* [Assignment]: Print the whole listing again exactly as it stands, leaving out any images.
=== Begin Enclosure ===
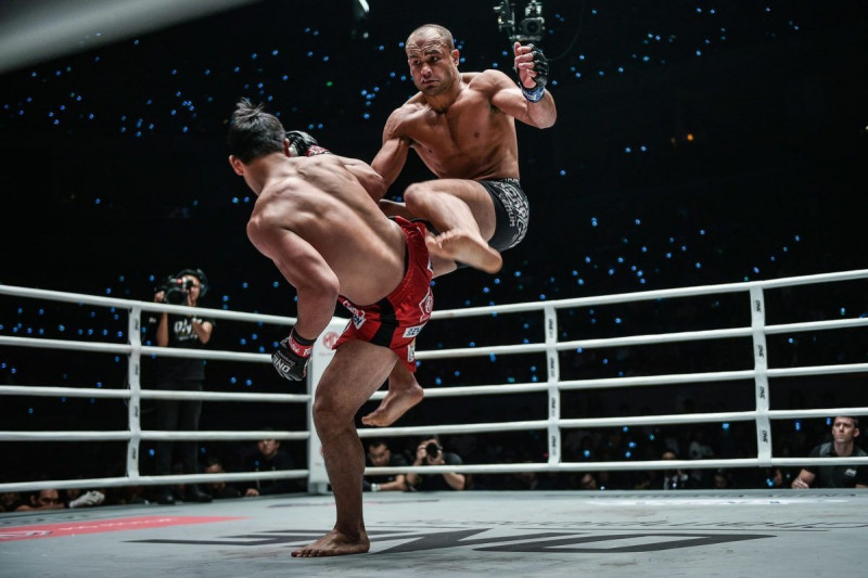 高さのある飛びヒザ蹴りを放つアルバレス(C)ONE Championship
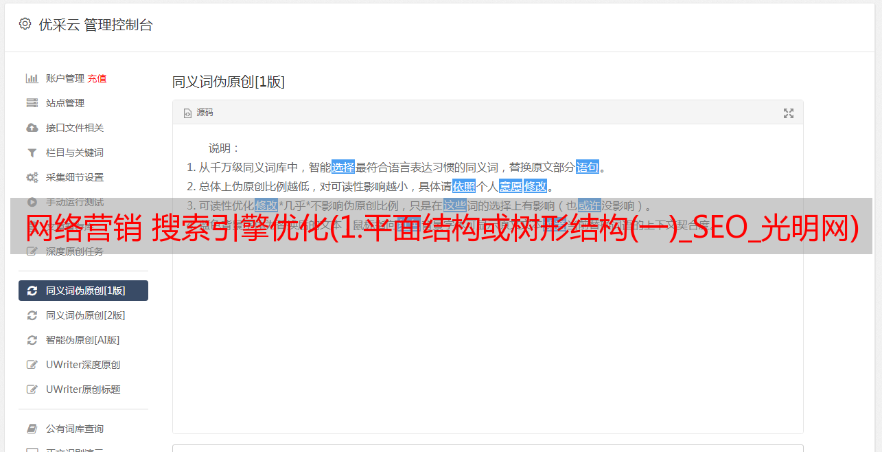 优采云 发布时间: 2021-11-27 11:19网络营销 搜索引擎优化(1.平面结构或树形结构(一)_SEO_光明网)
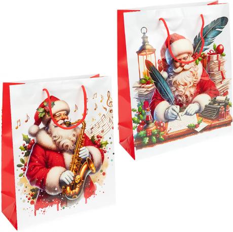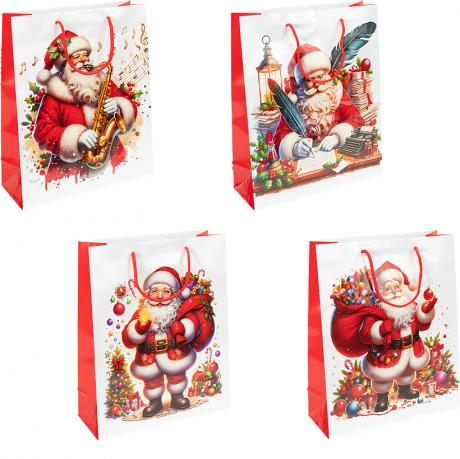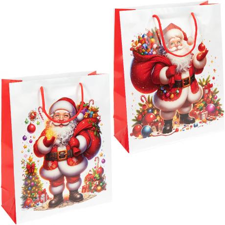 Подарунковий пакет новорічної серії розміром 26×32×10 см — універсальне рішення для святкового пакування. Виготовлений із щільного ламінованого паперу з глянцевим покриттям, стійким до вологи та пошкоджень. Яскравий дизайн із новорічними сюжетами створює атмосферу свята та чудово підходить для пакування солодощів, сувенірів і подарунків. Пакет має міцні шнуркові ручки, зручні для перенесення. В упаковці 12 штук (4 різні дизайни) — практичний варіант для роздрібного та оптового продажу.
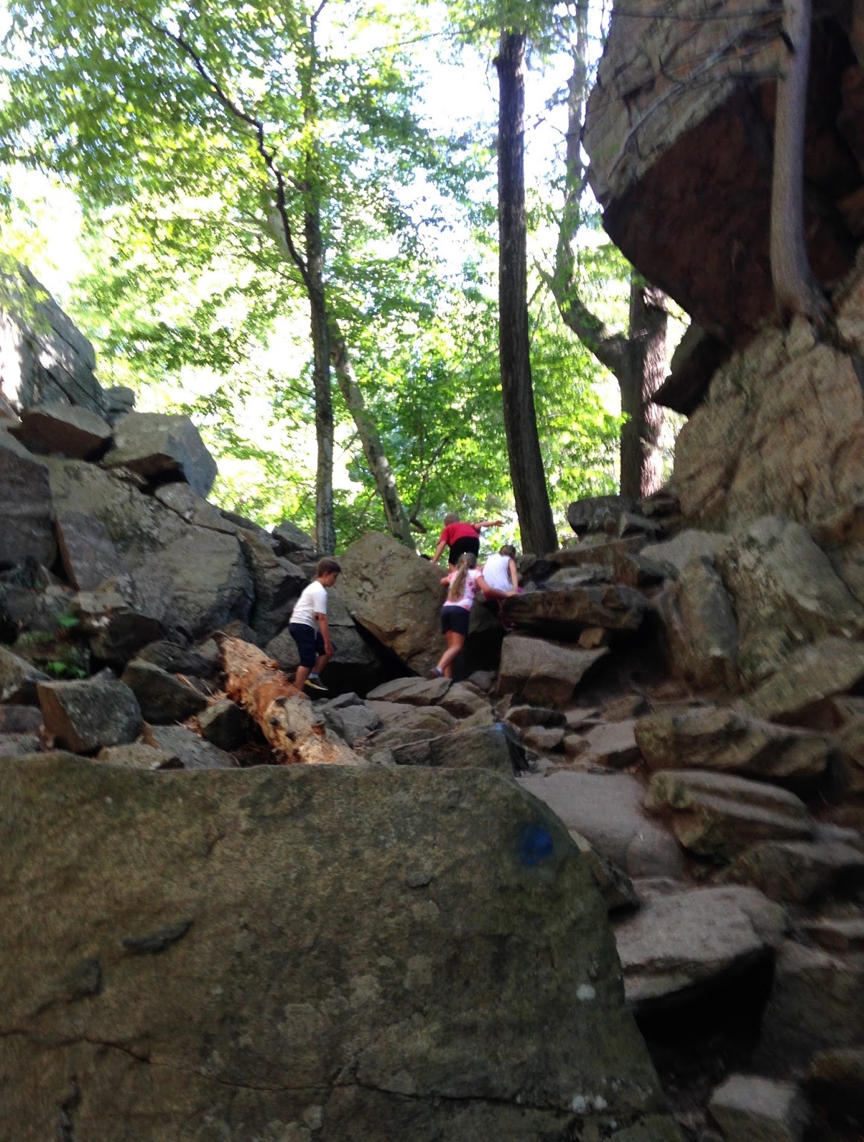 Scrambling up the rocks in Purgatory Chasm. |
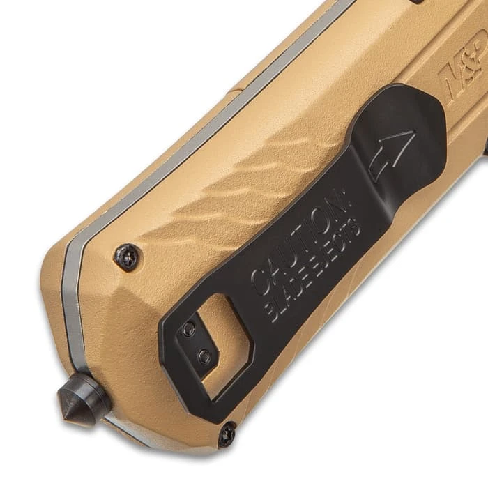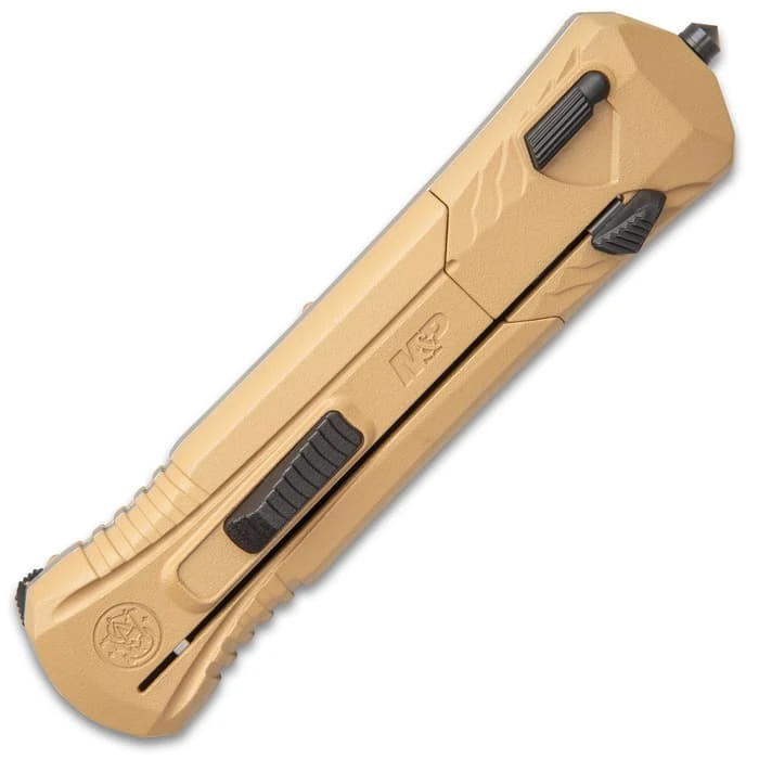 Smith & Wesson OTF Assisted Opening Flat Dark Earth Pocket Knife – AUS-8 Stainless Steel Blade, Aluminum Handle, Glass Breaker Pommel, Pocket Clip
=== End Enclosure ===
* [Task solution]:
 高さのある飛びヒザ蹴りを放つアルバレス(C)ONE Championship
 优采云 发布时间: 2021-11-27 11:19网络营销 搜索引擎优化(1.平面结构或树形结构(一)_SEO_光明网)
 Подарунковий пакет новорічної серії розміром 26×32×10 см — універсальне рішення для святкового пакування. Виготовлений із щільного ламінованого паперу з глянцевим покриттям, стійким до вологи та пошкоджень. Яскравий дизайн із новорічними сюжетами створює атмосферу свята та чудово підходить для пакування солодощів, сувенірів і подарунків. Пакет має міцні шнуркові ручки, зручні для перенесення. В упаковці 12 штук (4 різні дизайни) — практичний варіант для роздрібного та оптового продажу.
 Scrambling up the rocks in Purgatory Chasm. |
 Smith & Wesson OTF Assisted Opening Flat Dark Earth Pocket Knife – AUS-8 Stainless Steel Blade, Aluminum Handle, Glass Breaker Pommel, Pocket Clip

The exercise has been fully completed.